Sites with large amounts of data, they usually have a complex structure, protection against parsing and other features that complicate the process of collecting information. However, this type of project usually has one significant advantage over the rest of the standard sites – support inside the code of the JSON format, which allows for a few seconds to get huge lists by parsing. Of course, not all sites with JSON support have the source code open, sometimes you have to try hard to extract it from the document. Unlike regular HTML layout, the page provides access to the data array directly, bypassing the separate selection of style classes and elements in the document, so the lists can be obtained quickly and painlessly.
Millions of goods – how to take?
First, I had to think about how best to collect all the data, not to make a mistake and make the parsing process easier and faster. For this purpose it was required to make the following:
Write a script to collect a list of addresses categories and products themselves by parsing the site map;
Check for the presence of JSON code inside the page and for validity, so that no errors occur during parsing;
Actually the collection of information, necessarily separate, so that there was always an opportunity to return to the desired list, item, counter, etc.

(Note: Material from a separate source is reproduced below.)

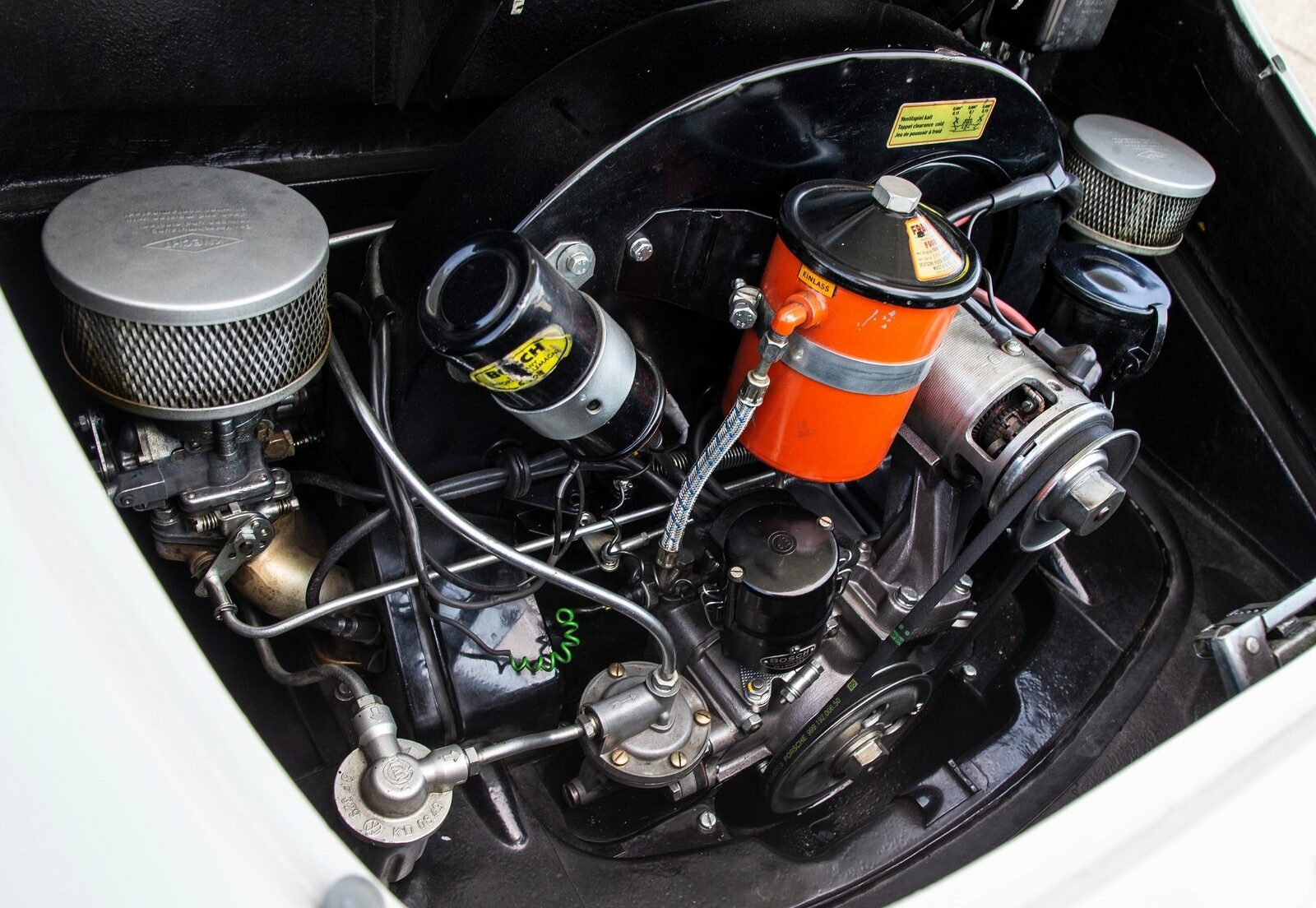 In 1954, Porsche production shifted from the Reutter facilities back to their new building called Werk II. There they had the room to produce Hoffmann’s Speedster. After producing a single prototype from a cabriolet body, Porsche finalized the Speedster specification with no radio, an integrated dash, bucket seats, a curved glass windscreen and a simple folding top. From November 1954 the engines acquired a three-part crankcase and driving safety benefited from a front stabilizer and reinforced steering knuckles.
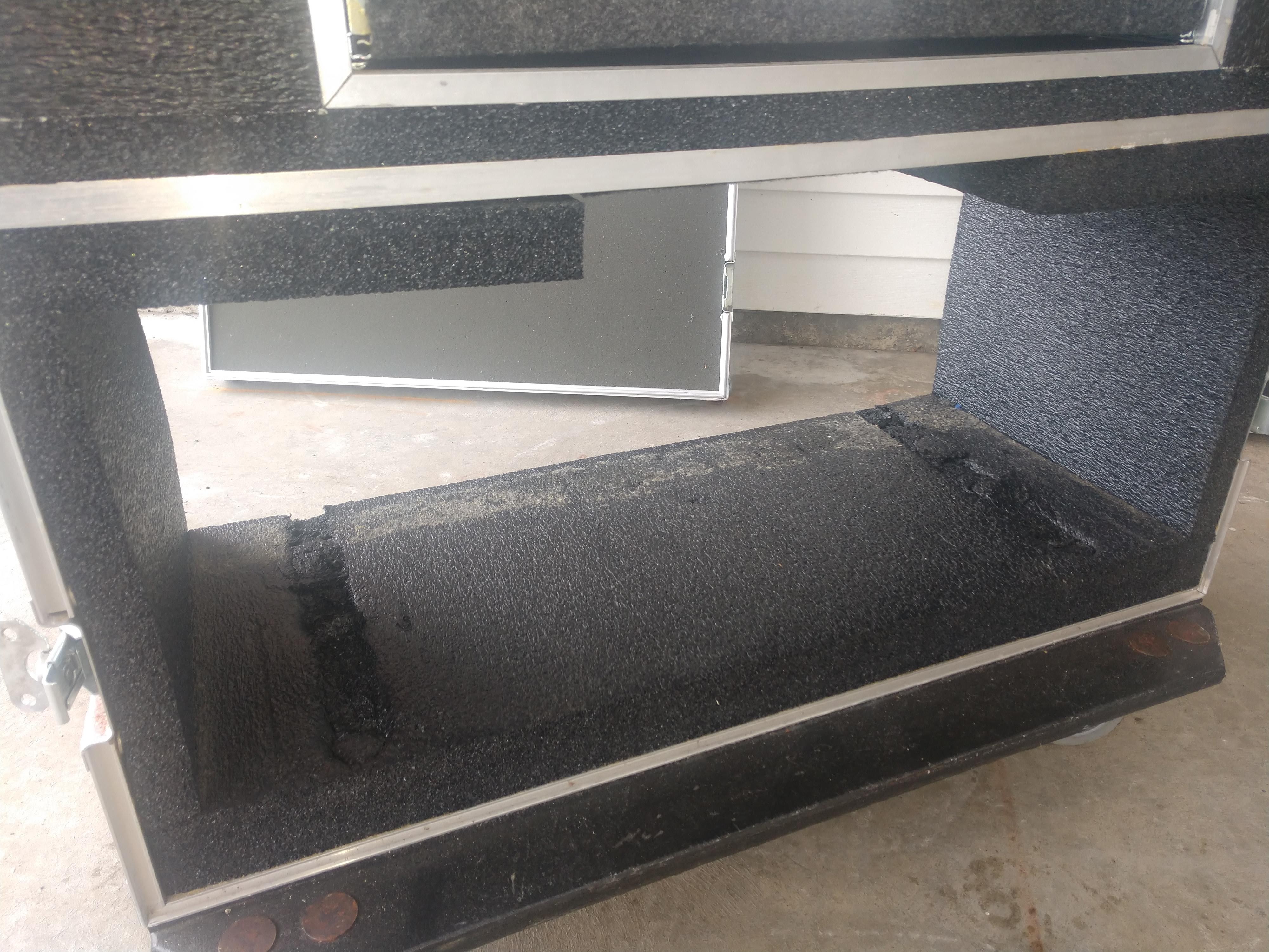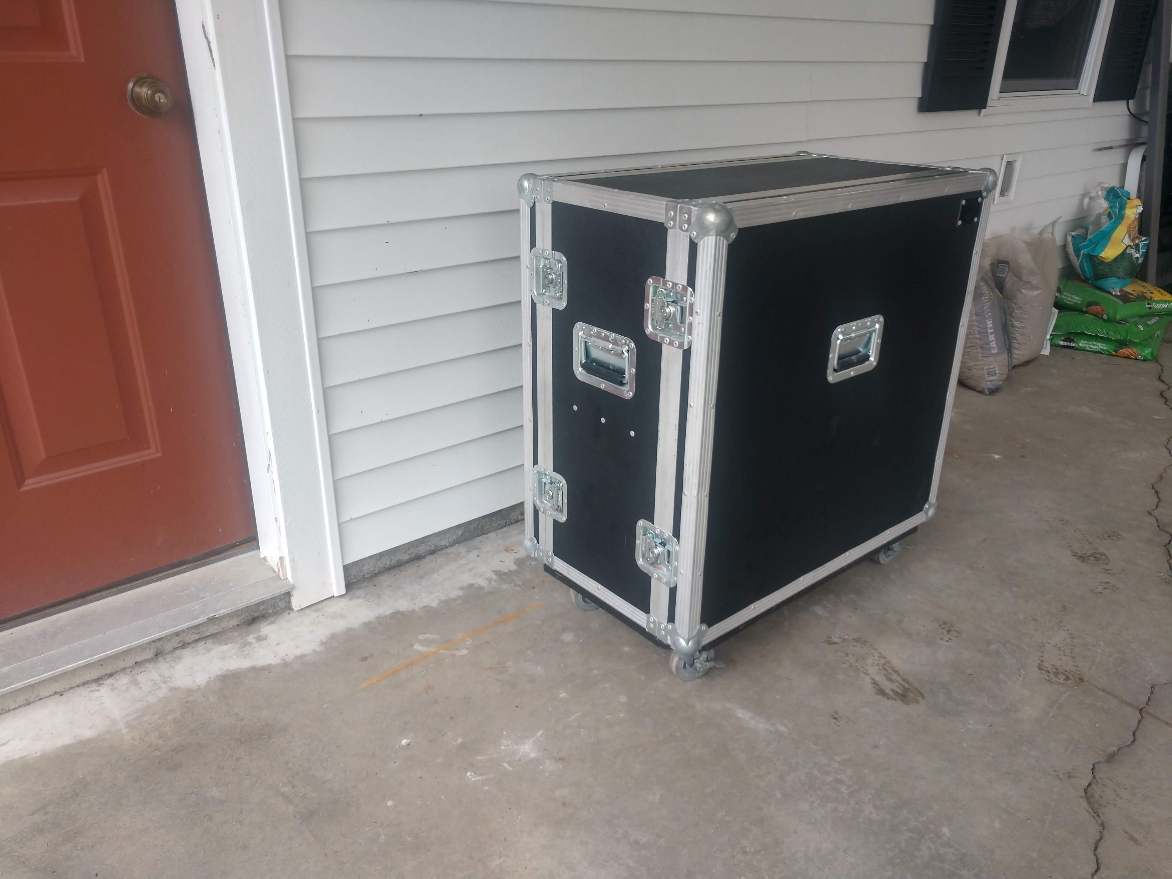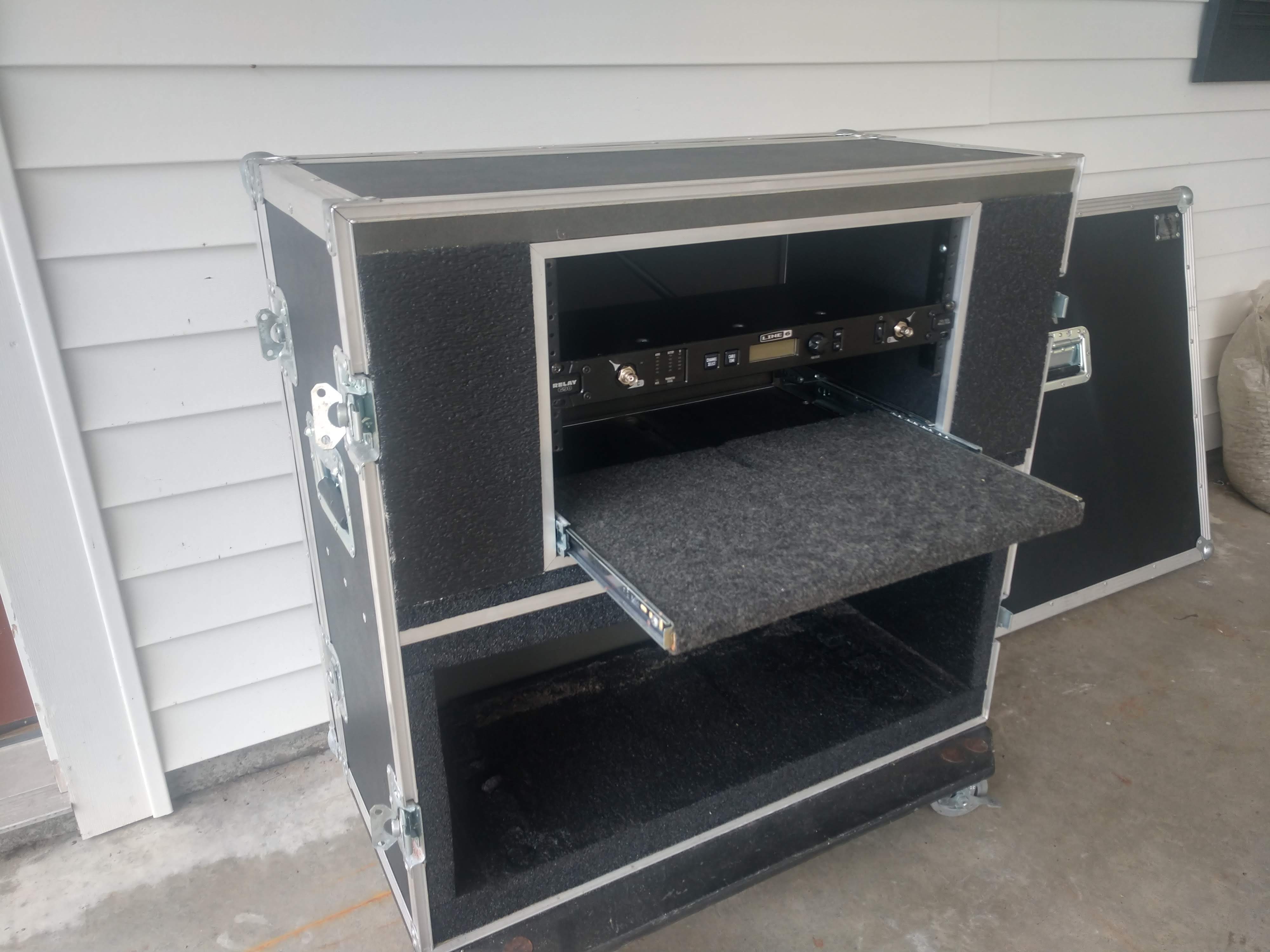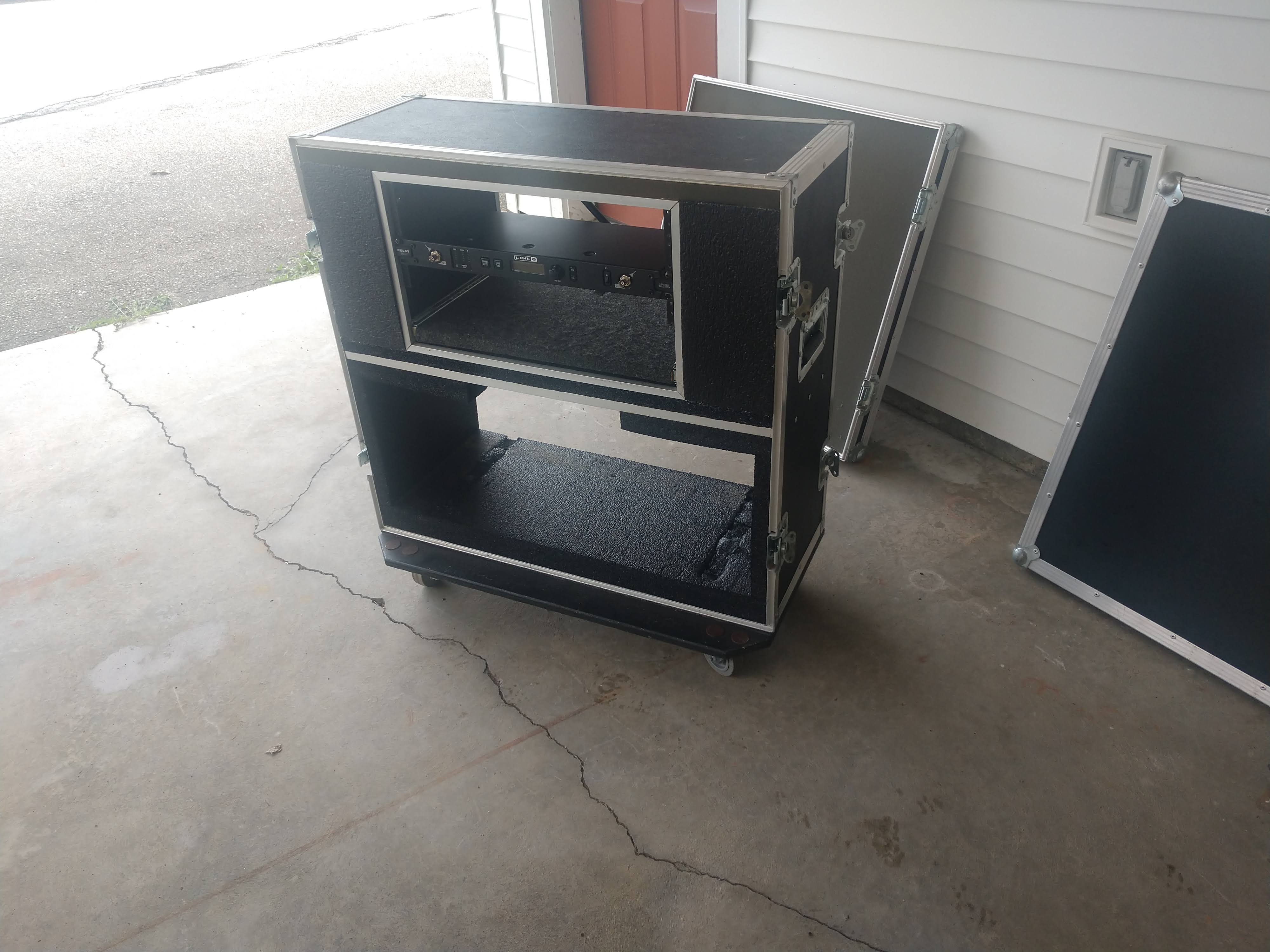 Amp Head + 4 space Rack roadcase, made by Rock Hard Case Co. Pull out sliding shelf for effects pedals, power supply, etc. Bottom foam has a bit of wear but is easily replaceable. $350 buyer pays shipping

Parsing from the right moment
Another key point is the presence in the script of those data that allow you to continue parsing, without delving into its essence and remember where you left off: when you need to go to the folder with the action and take the counter number or other element from which the action should begin. This is very convenient when you do not need to perform unnecessary operations to manage your scripts, especially if their number is growing, or you are working on several projects at once. In this case, there is a high probability that you can simply confuse the folders themselves with the actions and therefore continue from the wrong moment.
Of course, The zennoposter program has a separate tool for saving errors, and you can determine exactly where they are in the script, as well as continue the action from this element. But we need not only to determine where the process stopped, but also to automatically start the action from the start of the action. This solution is the key to success in parsing a huge amount of data, as in this particular case.
So, we have come to the point where you need to prioritize the collection of information from the site.
The first and main elements of parsing are: title, description, links to the source, photos, etc. Then follow the additional data in the form of tags, categories and other information. It all depends on the specific task.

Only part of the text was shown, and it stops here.